[Feature Request] Add the matchID or another unique identifier to the replay
Hey,
this is not really a request for the s2protocol, but for the contents of a replay. Currently is quite hard to say determine that two or more replays are from the same match; all from a different match participant (player, observer, etc). There is no matchID in it, the matchtime is based on the users PC, gameloops can differ depending on when a player leaves a match (especially for team matches), etc... There must be a matchID somewhere in the Battlenet-universe for a match. Is it possible to include this in the replay or some other unique hash, to identify the match the replay belongs to?
Thanks and greetings,
Andy!
I think the PC vs server time is the key issue here. If any two replays with the same participants have overlapping time ranges we can assume that they are the same replay, but when user PC times are not in sync we run into problems. I've raised this issue with @koalaling in the past. I hope that they are able to make that addition in a future patch.

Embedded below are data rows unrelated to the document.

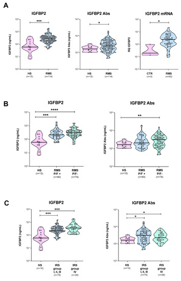 Plasmatic levels of circulating IGFBP2 protein and anti-IGFBP2 antibodies were measured at diagnosis by commercially available and home-made ELISA assays, respectively. We found that plasmatic levels of both IGFBP2 protein and autoantibodies were significantly higher in children with RMS compared to controls (IGFBP2 median: 275.5 vs. 60.1 ng/mL, p < 0.001; IGFBP2 Abs median: 2559 vs. 1663 ng/mL, p = 0.023, respectively), as was IGFBP2 mRNA (p = 0,024) (Figure 1A). However, while IGFBP2 protein levels were statistically significant both in PAX3/7-FOXO1 fusion-positive (p = 0.0001) and –negative (p < 0.0001) plasma samples, anti-IGFBP2 antibodies were only in fusion-negative ones (p = 0.009) (Figure 1B). In addition, plasmatic levels of IGFBP2 and anti-IGFBP2 antibodies were not statistically different comparing patients with localized (IRS I, II, III) vs. metastatic (IRS IV) disease at diagnosis (Figure 1C). Similarly, no other known clinical parameters, including gender, age, tumor size and site were found associated with IGFBP2 and anti-IGFBP2 antibodies levels (Figure S1).
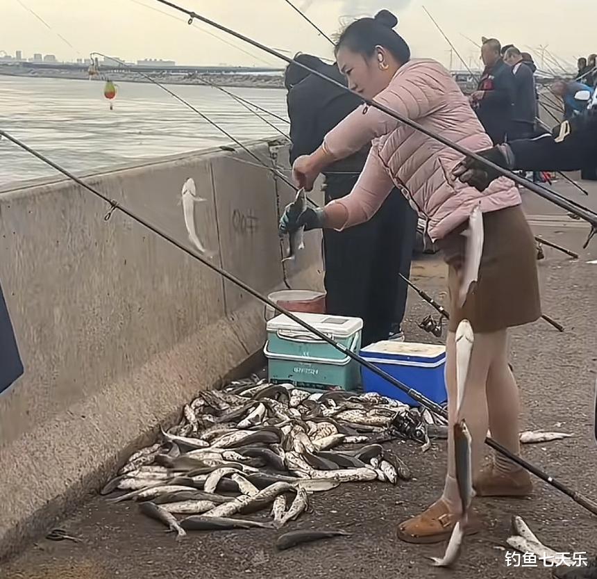 视频里的几位钓鱼人,手里的鱼竿就没闲过,钓上来的鱼来不及装,只能随手放在地上,然后赶紧去钓下一竿。
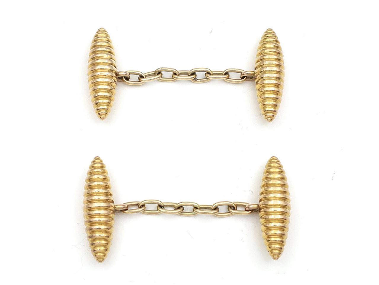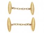 Retro double ribbed torpedo cufflinks in 18kt gold. A matching pair of cufflinks, each consisting of two linear ribbed torpedos connected by belcher chain. Hallmarked 18kt gold.
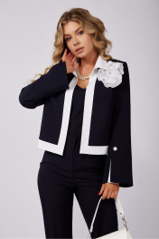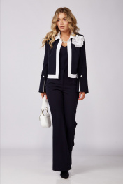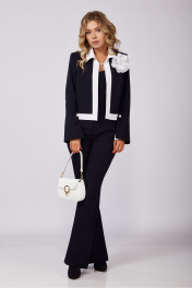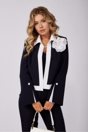 Настоящее произведение искусства!!! Уверенность, элегантность, этого костюма делает его идеальным выбором для важных деловых встреч, корпоративных мероприятий и незабываемых вечерних выходов. Изысканный комплект тройка выполнен из качественной стрейчевой ткани. Топ облегающего силуэта с рельефами по полочке, по спинке выточки и потайная молния в среднем шве. Брюки клёш от колена с за утюженым кантом, которые подчеркнут вашу утонченность и изысканность. Застежка молния по переду, по бокам прорезные карманы, пояс со шлевками и эластичной лентой по бокам. Жакет "BLAZER" без застежки на подкладке, рукав втачной расширенный к низу с декоративной шлицей. Изящность комплекту придает контрастная отделка воротника, планок, разреза шлицы и съемного декоративного цветка ручной работы подчеркнет вашу неотразимость и безупречный вкус. Длина жакета-53см Длина рукава-62см Длина брюк-110см Длина топа-48см
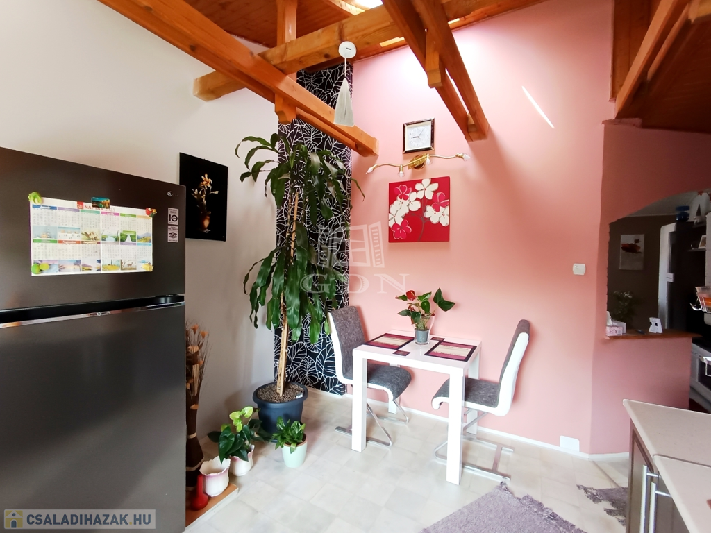A tetőtéri szint jelenleg külső lépcsősoron érhető el, de lehetőség van a belső feljáró visszaállítására is.
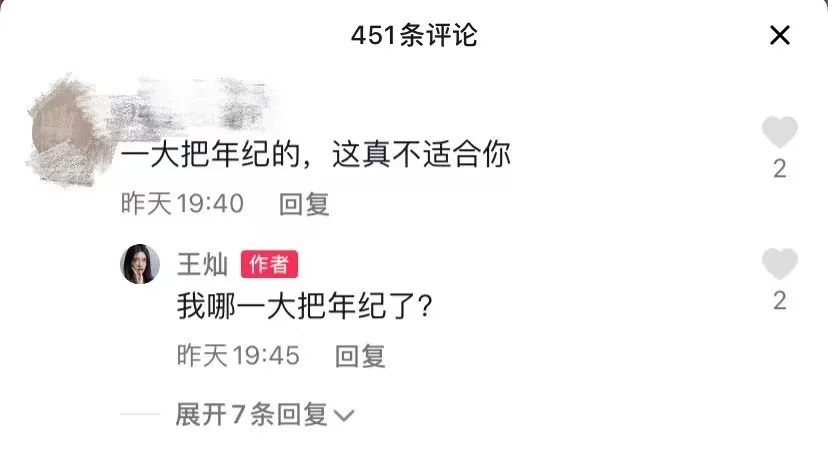 但仍有部分网友不买账,直接评论王灿一把年纪卖萌不适合,王灿倒也直爽回复说自己哪儿大把年纪了。

That said, the above approach still works 99% of the time since most people seem to sync their PC clocks to the internet. You could augment it further by also using the initData['lobbyState']['randomSeed']. It seems highly unlikely to me that two replays with a set of players will use the same 32 bit random seed. Even less likely if you require that those two games be within some reasonable time range of each other (to account for bad PC times).
If you use the random seed I would think it almost certain that you wouldn't get any false positives. False negatives could maybe be merged via a more manual process when they occur.
Hmm, thanks for the tip with the randomSeed, will check this the next days! Unfortunately, not everybody syncs his computertime with a timeserver. I checked three 2on2 matches to test it and every participant had a different time in it, especially because the time is in 100 nanoseconds, as you know ;) So you always have a few nanoseconds difference, even if you sync with a timeserver. Maybe this "gap" gets lost if you convert it to seconds and drop the nanoseconds... But because of rounding issues, there will be a second difference which will cause "another replay" :/ Maybe the randomSeed helps here, maybe in combination with other values like the map and/or playerList, as you mentioned!
The other thing you can do to help deal with this, is take the time and buffer it by a few min, Doing that seemed to really help me out. The reason your going to see a different time on every player is because they don't all save it at the same time, which is why i added like a 5 min buffer to my logic to weed them out.
But ya having a match id would be helpful, and save some guessing.
I agree that having a synced time in the replay would be fantastic. Next platform patch for them will almost certainly be more than a month out though so even if this gets included it won't be any time soon.
It doesn't matter that the times are not exact. The recorded time is the end of the game, use the game length to work backwards and get a start time. Then you can check replays for an overlap in start/end times and a common set of players. Even if a player's clock is off by 10 minutes there will still be overlap on a 15 minute game. See here.
@GraylinKim: Yeah, the randomSeed is the same in all replays for a my testmatches and different for all matches, so this seems to work! :) Thanks for that! I think I may combine it with the mapname and build a hash over it, so I have a unique identifier (per match)! But what is the randomSeed anyway? :)
The Starcraft II game engine is deterministic. Given the same inputs it will produce the exact same game every single time. That's how the replays work and why they can be so compact.
By basing all pseudo-random numbers in the game off of this fixed random seed the game client can generate the same exact random numbers in the replay as it did in the original game without having to record them all. Likewise for games with multiple clients (e.g. all ladder games), it allows each computer to roll random numbers independently without fear that the numbers will be different on computer A vs computer B.
Imagine for example that critter movement is based on random numbers. If the random numbers are not synced the critter will be in different locations on each client and a valid marine kill in one will be completely invalid in another one. This divergent game state is super deadly so they always make sure to sync on a random seed before starting any game.
Anyway, glad I could help.
Aaah, ok :) All clear now, thanks! Btw, I realized it a bit different. I didn't use the map name because this can be in the users language. So if a Korean and a German play together, my hash would be different, because for the German it's "Starstation" and for the Korean whatever it is in korean symbols ;) I used the players userIds + their toons + the random seed. This makes a semi-unique hash per match, which is ok to determine the rounds of a bestOfX match, but not OK to have a overall unique matchId replacement... Here's the code: https://github.com/TurtleEntertainment/aiur/blob/master/teSc2ReplayParser.py#L287 Thanks again and hopefully Blizzard / @koalaling can provide us with a matchId in the future!? :)
Just an FYI hotslogs.com uses random seed + player IDs to determine unique matches. Across millions of replays there were only a handful of duplicates with random seed by itself, so I think this is fine.